Mais les constitutions libérales ayant, depuis longtemps déjà, instauré cette égalité en principe fondamental du droit, ce féminisme a triomphé. En France par exemple, il ne subsiste à ma connaissance que deux inégalités de droit entre les sexes. La première touche aux congés maternité, et brime autant les hommes que les femmes. En concernant quasi-exclusivement ces dames, cette loi contribue effectivement à les impliquer (les enfermer ?) davantage dans la dynamique de la fonction parentale, tout en défavorisant l'homme qui souhaiterait prendre ce rôle prépondérant dès les premiers mois de la vie de son enfant. La seconde injustice, nettement plus grave, est à l'avantage des femmes qui, avec la mouture actuelle de l'accouchement sous X et le jeu des pensions alimentaires, sont les seules à pouvoir décider d'abandonner leur enfant, interdisant non seulement aux hommes d'en faire autant, mais les privant même du moindre recours pour seulement contacter leur progéniture dès lors que la mère a opté pour l'abandon.

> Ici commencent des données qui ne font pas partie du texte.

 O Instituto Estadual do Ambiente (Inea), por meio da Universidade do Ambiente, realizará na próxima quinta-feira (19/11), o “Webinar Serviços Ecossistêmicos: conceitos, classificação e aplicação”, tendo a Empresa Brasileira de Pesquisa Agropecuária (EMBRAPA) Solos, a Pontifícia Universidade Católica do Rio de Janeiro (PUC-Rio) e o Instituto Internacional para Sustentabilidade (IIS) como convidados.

Maintenant qu'il a atteint sa cible, le féminisme est mort. Ce qu'on nomme aujourd'hui féminisme, c'est autre chose, qui en a usurpé le nom sans même en revêtir un propre, me forçant à ces laborieuses circonlocutions, s'appropriant déloyalement le mérite d'une noble cause.

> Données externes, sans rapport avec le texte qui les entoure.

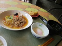 お皿に盛られた肉と豆腐、半熟卵と
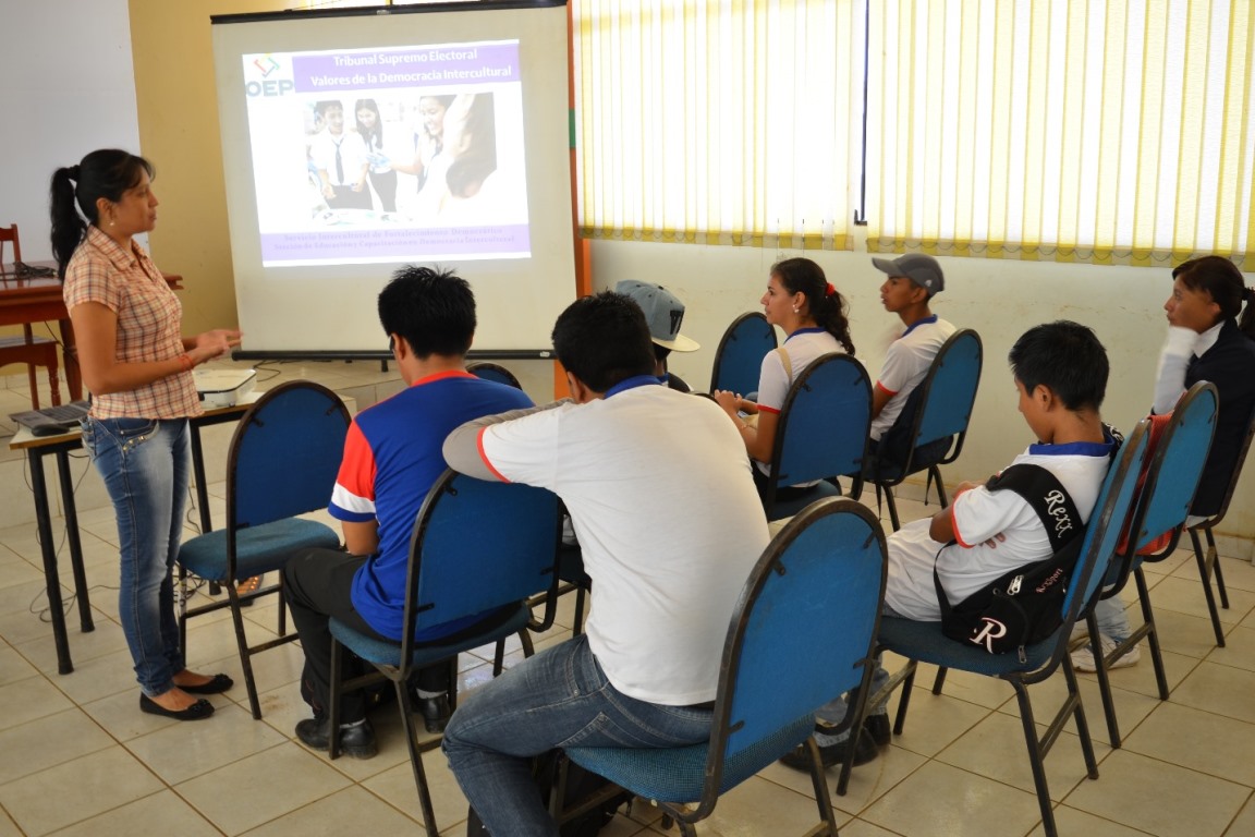 Las y los estudiantes recibieron, primero, una capacitación sobre el concepto y las características de la Democracia Intercultural y sobre las tres formas de democracias reconocidas en la Constitución Política del Estado: la Democracia Representativa, Participativa y Comunitaria; la exposición fue desarrollada por las y los técnicos del Servicio Intercultural de Fortalecimiento Democrático (SIFDE) del TED Pando.

Ce courant nous vient encore de la gauche qui, comme de coutume, ne prospère qu'en accentuant les antagonismes entre groupes d'êtres humains différents (on lui doit d'ailleurs tellement de ces usurpations lexicales, égalité, solidarité et tant d'autres ayant subi des travestissements analogues sous la plume des mêmes idéologues). Variante de son cousin économiste le socialisme, né de et pour la contradiction, le féminisme a construit son idéal sur la seule opposition intellectuelle à l'image traditionnelle de la femme. Ainsi la femme du féminisme, à l'instar de l'homme nouveau du marxisme, n'est-elle qu'une création chimérique décrétée comme aboutissement inéluctable d'une histoire dont ses théoriciens prétendent entendre le sens, sur la seule base d'une spéculation intellectuelle dépourvue de fondement concret ou raisonnable.

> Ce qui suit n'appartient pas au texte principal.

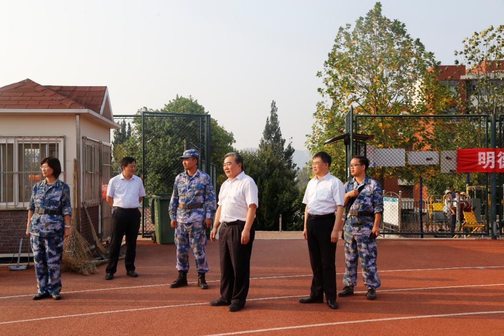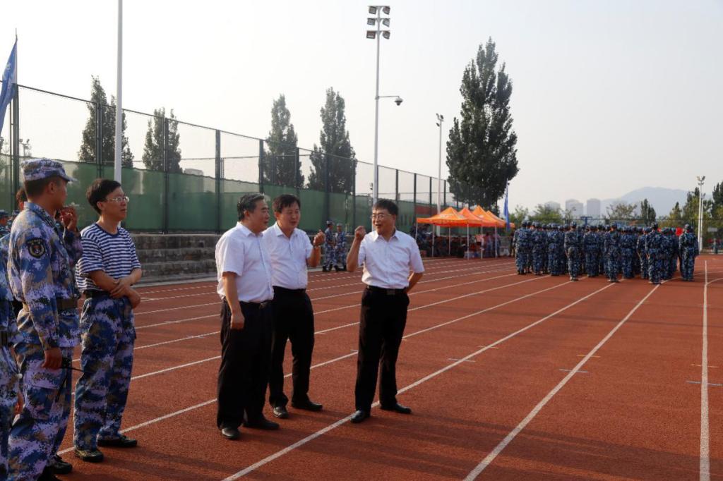9月7日,美女自慰 校长姚庆国、副校长高建广在矿业美女自慰 党委书记董桂刚的陪同下来到矿业美女自慰 2019级新生军训场地,亲切看望教官和矿业美女自慰 的新生们。

Et comme pour le marxisme, la cruelle réalité continue de se rebeller contre la perfection onirique de ces aimables vues de l'esprit. La femme, même libre et égale à l'homme face à la loi, s'obstine à s'attacher à sa maternité, à son foyer, à son couple. La libération sexuelle n'a pas suffi à anéantir l'esclavage marital. Les jeunes filles en sont revenues, et s'engagent spontanément de plus en plus tôt dans des relations durables. Elles sont encore nombreuses à préférer aller chercher les enfants à l'école plutôt que de jouer leur carrière sur des heures supplémentaires que leurs maris continuent d'effectuer plus massivement. Même indépendantes et célibataires, elles tiennent à rester belles, à rêver devant les magazines de mode et à chercher le prince charmant sur Meetic, si possible assez viril et entreprenant, capable d'autorité et bien placé socialement. Elles continuent à s'orienter massivement vers les formations traditionnellement féminines – santé, lettres et sciences humaines – laissant majoritairement aux hommes la physique, l'informatique, la bâtiment ou la politique.

Certes le dur labeur de propagande des féministes n'a pas été complètement vain, et il existe une population féminine qui se reconnait volontiers dans cet idéal. Certes tout un corpus de justifications idéologiques s'acharne à blâmer la seule domination phallocrate pour les libres choix de ces autres femmes, trop stupides ou faibles pour saisir la portée émancipatrice du mouvement progressiste. Mais cette conception arbitraire de ce que doit être la femme ne pourra guère gagner en crédibilité tant qu'elle demeurera incompatible avec la seule revendication authentiquement féministe : c'est à chaque femme, prise individuellement, de décider pour elle-même de la personne qu'elle veut être et des moyens qu'elle est prête à déployer dans cette perspective. Quand bien même le féminisme moderne aurait réellement deviné la nature profonde de la féminité, il est exclu qu'il puisse la légitimer s'il ne parvient pas à l'imposer autrement que par l'adhésion spontanée des innombrables intéressées. Il en est encore très loin.